Titanic tourist submarine missing 6-19-2023 (Debris field found, passengers presumed dead. 06-22-23)

Sort of a sinking feeling.

You are going straight to Hell! Straight to Hell! (I laughed.)

It seems that Mr Rush was a bit extravagant with his sales pitch to Jay Bloom:

and yet in an interview a few years earlier, he referred to that safety record - as a result of regulations:

Can’t have it both ways: can’t trash the regulsations that have produced a strong safety record, and then cite that safety record in support of the safety of your own submersible that doesn’t meet those safety regulations.

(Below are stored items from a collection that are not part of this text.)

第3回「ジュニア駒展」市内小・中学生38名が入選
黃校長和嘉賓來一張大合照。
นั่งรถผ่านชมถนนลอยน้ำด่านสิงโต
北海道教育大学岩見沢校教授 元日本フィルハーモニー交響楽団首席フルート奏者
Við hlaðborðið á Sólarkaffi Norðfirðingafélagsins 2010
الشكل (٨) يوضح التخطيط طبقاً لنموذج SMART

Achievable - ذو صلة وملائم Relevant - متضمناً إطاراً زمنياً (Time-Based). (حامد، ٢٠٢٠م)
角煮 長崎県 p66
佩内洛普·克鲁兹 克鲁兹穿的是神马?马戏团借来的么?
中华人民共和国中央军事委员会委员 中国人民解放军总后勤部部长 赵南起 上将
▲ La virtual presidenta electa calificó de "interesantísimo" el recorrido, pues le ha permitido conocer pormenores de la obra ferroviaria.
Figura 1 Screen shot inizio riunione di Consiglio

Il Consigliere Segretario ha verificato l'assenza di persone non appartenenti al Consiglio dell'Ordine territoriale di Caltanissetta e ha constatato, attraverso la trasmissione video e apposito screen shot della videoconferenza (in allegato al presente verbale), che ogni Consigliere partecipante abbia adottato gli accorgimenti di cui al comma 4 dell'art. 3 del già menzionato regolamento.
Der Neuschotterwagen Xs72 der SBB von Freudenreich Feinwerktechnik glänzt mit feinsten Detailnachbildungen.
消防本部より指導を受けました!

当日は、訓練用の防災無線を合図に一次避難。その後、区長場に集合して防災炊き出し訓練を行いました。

Mr Bloom also commented on the use of the gamer control as one of the factors taht spooked him:

E-mail from Stockton Rush to a industry insider concerned about the risk of his submersible, March 26, 2018.

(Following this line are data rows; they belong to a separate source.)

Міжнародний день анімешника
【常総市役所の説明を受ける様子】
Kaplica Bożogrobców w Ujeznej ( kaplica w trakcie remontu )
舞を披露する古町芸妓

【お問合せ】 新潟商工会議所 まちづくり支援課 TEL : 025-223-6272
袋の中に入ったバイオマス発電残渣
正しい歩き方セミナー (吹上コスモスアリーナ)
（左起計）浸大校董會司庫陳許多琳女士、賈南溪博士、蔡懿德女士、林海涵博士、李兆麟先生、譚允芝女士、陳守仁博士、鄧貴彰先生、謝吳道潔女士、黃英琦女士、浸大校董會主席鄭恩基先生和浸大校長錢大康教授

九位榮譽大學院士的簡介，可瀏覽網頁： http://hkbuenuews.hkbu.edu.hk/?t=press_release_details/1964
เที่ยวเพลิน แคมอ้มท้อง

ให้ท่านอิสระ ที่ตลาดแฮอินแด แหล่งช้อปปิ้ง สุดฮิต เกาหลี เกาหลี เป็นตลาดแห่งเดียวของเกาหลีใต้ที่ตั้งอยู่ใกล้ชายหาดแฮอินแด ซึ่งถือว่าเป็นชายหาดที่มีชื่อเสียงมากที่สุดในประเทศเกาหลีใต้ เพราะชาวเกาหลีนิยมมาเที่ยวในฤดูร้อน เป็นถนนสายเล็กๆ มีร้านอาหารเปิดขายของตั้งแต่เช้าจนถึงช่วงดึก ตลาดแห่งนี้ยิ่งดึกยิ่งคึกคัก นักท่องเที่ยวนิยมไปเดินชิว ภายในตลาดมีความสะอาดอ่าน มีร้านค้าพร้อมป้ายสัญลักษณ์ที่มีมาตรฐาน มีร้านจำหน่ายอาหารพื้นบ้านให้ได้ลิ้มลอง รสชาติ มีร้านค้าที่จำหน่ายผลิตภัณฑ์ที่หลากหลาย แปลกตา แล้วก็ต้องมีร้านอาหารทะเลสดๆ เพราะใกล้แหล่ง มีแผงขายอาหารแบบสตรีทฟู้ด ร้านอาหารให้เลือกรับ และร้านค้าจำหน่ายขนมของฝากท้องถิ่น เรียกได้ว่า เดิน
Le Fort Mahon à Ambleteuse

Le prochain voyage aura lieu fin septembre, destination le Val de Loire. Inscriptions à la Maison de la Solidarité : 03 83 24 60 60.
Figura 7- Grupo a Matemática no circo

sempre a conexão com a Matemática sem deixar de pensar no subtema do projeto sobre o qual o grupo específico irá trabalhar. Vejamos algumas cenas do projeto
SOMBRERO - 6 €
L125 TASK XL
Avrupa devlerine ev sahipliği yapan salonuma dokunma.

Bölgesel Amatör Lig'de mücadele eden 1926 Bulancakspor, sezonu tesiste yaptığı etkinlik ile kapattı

I think plaintiffs’ counsel will enjoy doing discovery.

We really are crushing it with the bad submarine jokes.

There is a lot of pressure to make sure they don’t sink the thread

Hm.

Here’s an interesting thought. Just a couple weeks ago, I went down a quick time sink reading about a (very) failed Norwegian balloon expedition to the Antarctic in the 1890s, a passing reference was made to it in an unrelated discussion. I’d never heard about it.

Anyway, their fate was unknown for decades, till their bodies found in the 1930s. A lot of research was done on the events that led up to what was considered almost a comedy of errors - sound familiar?

One of the things they found, the expedition leader was under a lot of pressure to perform, because he’d been gifted or borrowed huge sums of money from various sources, lots of fluff pieces and glowing press reports. He had persuaded a bunch of people on his ingenious plan, bought a metric crapton of expensive gear and supplies. Now what? Gonna quit?

He then started to ignore a lot of people he should have been listening to. He should have called the whole thing off. But he didn’t. Sound familiar?

One wonders if maybe a similar dynamic was involved with Stockton Rush. Was his company highly leveraged, heavily in debt or something like that?

A sub is supposed to sink.

Where this one went wrong was not coming back up.

I have an issue (actually, all of the issues) of Cutey Bunny comics where the Egyptian Sun God Ra encounters villains in a submarine. Ra, being somewhat dim, yells at them, ‘Sir! Sir! Your barge is sinking!’

Good point. Money is indeed relative, and a billionaire would not even feel a $250,000 expenditure. Prolly a write off of some kind. Bragging rights. Well, if you survive that is.

It occurs to me that if this submersible had a “catastrophic implosion” in on itself, it may not have actually come apart. I haven’t read that it did actually. Which could mean the bodies are still inside, squished together like a can of sardines. That would a pretty horrible thing to find if you were the person who had to open it up.

One anecdatum:

The Logitech F710 wireless controller has a tendency to randomly disconnect from its dongle during use for short-but-usually-critical-in-game periods. It is also sensitive to obstructions between the dongle and the controller.

It is a well-known issue in the PC gaming community. I own one of these controllers and can confirm this connectivity issue.

It may not have been a primary cause for the sub’s rupture, but may have been a minor contributing factor.

nvm, I think I misunderstood something

Just for the record, it was a Swedish expedition to the Arctic, not Norwegian to the Antarctic…

Yeah, yeah, Norway, Sweden. Scandi Icebacks, close enough. /jk

Amundsen was the Norwegian who crashed and disappeared while on an Arctic rescue mission, but that was in 1928.

Eh, redacted. Frivolous humor on my part.

Why is he wearing a Motocross Jersey in that video?

The controller had exactly zero to do with a catastrophic implosion.

Huh. You know, if he was coming out of the experimental homebuilt scene in the US to my mind some of the craziness starts to make sense. Rush’s attitudes about building, regulations, and safety are pretty common in that crowd, with a huge difference being the environment the typical homebuilt is operating in is a hell of lot more forgiving than the depths this submersible was going to.

First, as I believe was discussed earlier in the thread, there are no bodies. The forces involved would have rendered the humans inside into paste or puree or slurry.

Second, during the Coast Guard briefing, it was plainly stated that there were at least two debris fields and the submersible was in five relatively large identifiable pieces, with a lot of other bits and fragments around those pieces.

Third, James Cameron, who apparently has seen footage of these debris fields, has described the carbon fiber cylinder parts as being broken up into small pieces, at least some of which were mooshed up into one of the titanium end caps.

Granted, those last two points were on video so if you’ve been getting your information from print/text you might have missed them.